A breakfast we got used to...with minor variations!
Following a typical Moroccan breakfast the next morning we had a one hour train ride, travelling in a very crowded second class to Rabat, the capital of Morocco. Samir gave us instructions and sent us off to explore the Kasbah and the Mausoleum containing the remains of the current king's father, uncle and grandfather.
Inside the Kasbah in Rabat
 He didn't really give us an idea of the distance so it turned out to be quite a walk but luckily on returning to our meeting place he greeted us with a mixed box of very delicious pastries...the best according to him.
Mixed pastries
Then it was time to board another train, this time in small, very packed compartments with a number of locals who clearly would rather we weren't there. We arrived in Meknes in time to check in to the Hotel Majestic and head out for dinner.
Meknes was once an imperial city of Morocco and the capital of one of its most colourful eras, when the Sultan Moulay Ismail (a contemporary of Louis XIV) set out to build his own version of Versailles, constructing walls, gates and over 50 palaces with an unstoppable labour force of over 25,000 slaves.We all decided to take up the optional walking tour of Meknes which turned out to be a great option. Our guide, Abdullahtif, was very knowledgeable taking us to visit  Moulay Ismail's immense Heri es Souani Granary, a mammoth architectural feat and the city's now crumbling imperial palaces and certainly gave us a greater awareness of the sights we saw as well as guiding us through the Medina. When Samir met us he led us back in to the Medina to our lunch spot,the smallest 'restaurant' I have ever been in, for camel burgers!

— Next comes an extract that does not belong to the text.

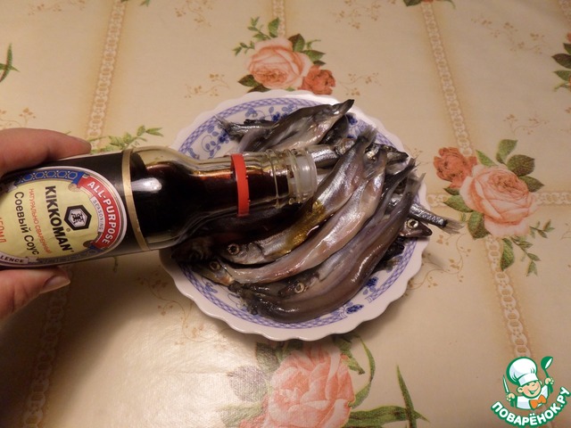 Мойку промываем. Кладем в чашку. Добавляем 2 ст. л. любимого соевого соуса ТМ "Kikkoman". Оставляем на 20 минут.

this is the entire 'restaurant'!
Michael enjoying his camel burger
After lunch we travelled on to Volubilis, Morocco's most impressive Roman ruin. Volubilis was one of the Roman empire's most remote bases, which remained affluent until the 8th century. The main structures remained intact until they were damaged by an earthquake in the 18th century, after which much of the marble was taken for construction in nearby Meknes.Our guide here looked like Joe Peche, and was determined to drop as many English colloquialisms in to his spiel as he could. 

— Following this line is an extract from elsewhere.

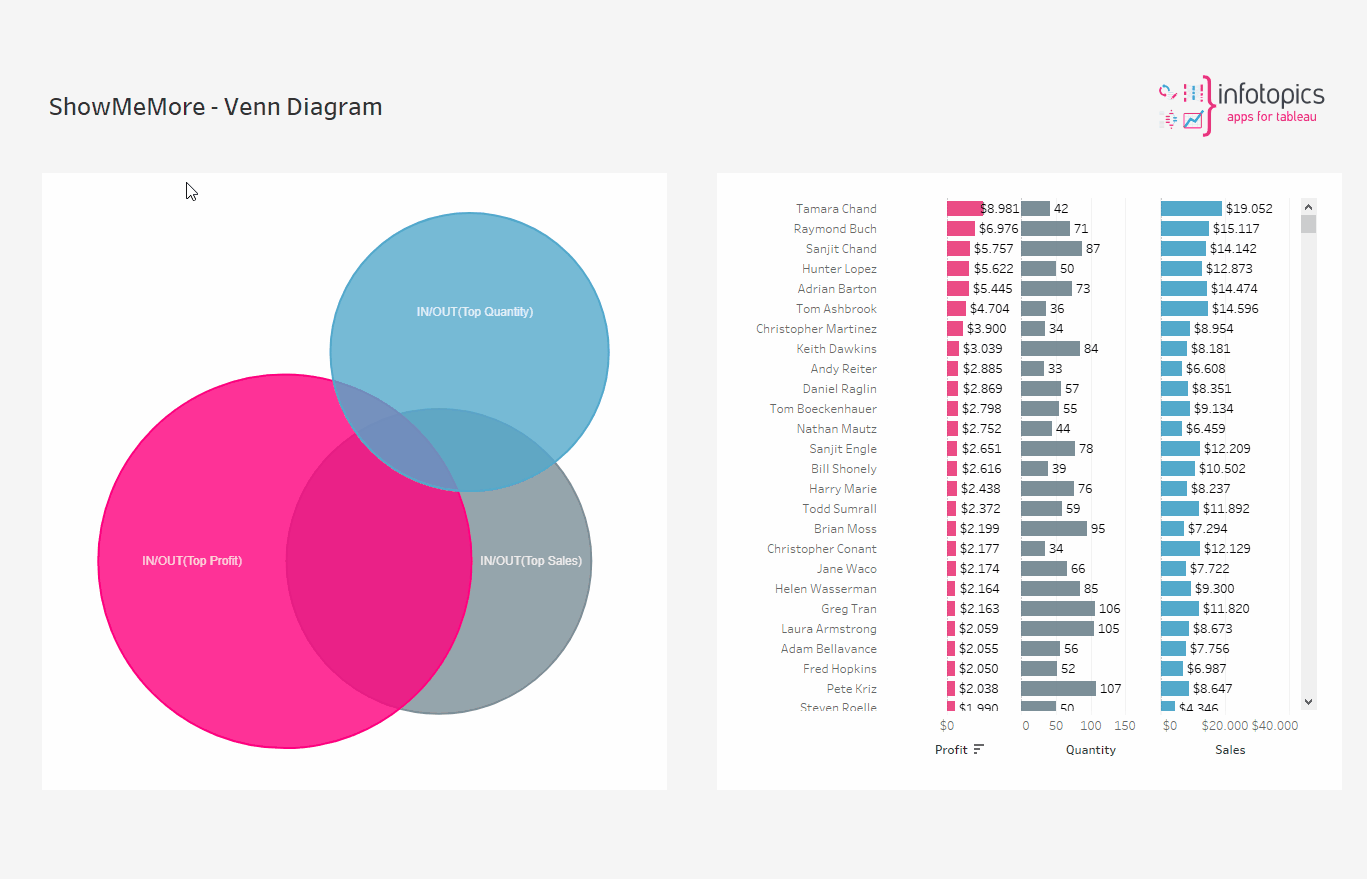 In the example below you can see that selecting a sphere or an overlapping segment of spheres will filter my customers to the ones that are part of the sets involved in my selection.

'Joe Peche' our guide, with Samir, group leader
Group Photo at Volubilis

From here it was on to Fes, Morocco's most traditional city, where we stayed for 2 nights. Fes is the most complete medieval city in the Arab world. The most ancient of Morocco's imperial cities, it exists suspended in time.
We spent our day in Fes with a local guide, Aziz, who began our morning with a visit to the gates of the Royal Palace before a walk through the Jewish Quarter, followed by a visit to a ceramics factory where we saw the whole process from the grey clay being prepared through the making and glazing of pottery items. Apparently grey clay is best because, unlike terracotta it does not contain any lead. It was here that I was able to convince Michael that a tagine would be a suitable Xmas present.

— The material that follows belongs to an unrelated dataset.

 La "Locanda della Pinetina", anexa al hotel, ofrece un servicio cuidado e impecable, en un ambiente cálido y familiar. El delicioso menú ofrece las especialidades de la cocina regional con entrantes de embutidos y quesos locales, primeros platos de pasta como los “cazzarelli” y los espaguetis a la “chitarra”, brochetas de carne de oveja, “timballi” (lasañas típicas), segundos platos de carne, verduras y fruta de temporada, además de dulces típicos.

After this we headed into the Medina, one of the best preserved and still functioning in the world. Descending into the labyrinthine alleyways of the Medina is like taking a giant step back to the Middle Ages. Preserved by the French for its historical value, this preservation also led to the decline of the city's importance, as both government and financial centres were set up elsewhere in the country. With the Jewish population moving away in 1956, and too many rural poor moving in for it to handle, this ancient centre of learning is only a shell of what it used to be. Still, it remains a fascinating living museum. It was an amazing, although at times, claustrophobic area. We visited a tanning/ leather area which I am guessing looks much the same as it did 500 years ago...and smelt pretty bad as well. We were each given a sprig of mint to sniff on when it got too much.
We visited a number of other outlets including fabric, metal work etc and by the end of the day were rather over the shopping experience. We did have a delicious lunch of Moroccan salads and Tagines in the Medina.
After a very light dinner Michael and I had a stroll along what the locals refer to as their 'Champs Elysee' before an early night.
Delicious lunch with Leslie and Jessie.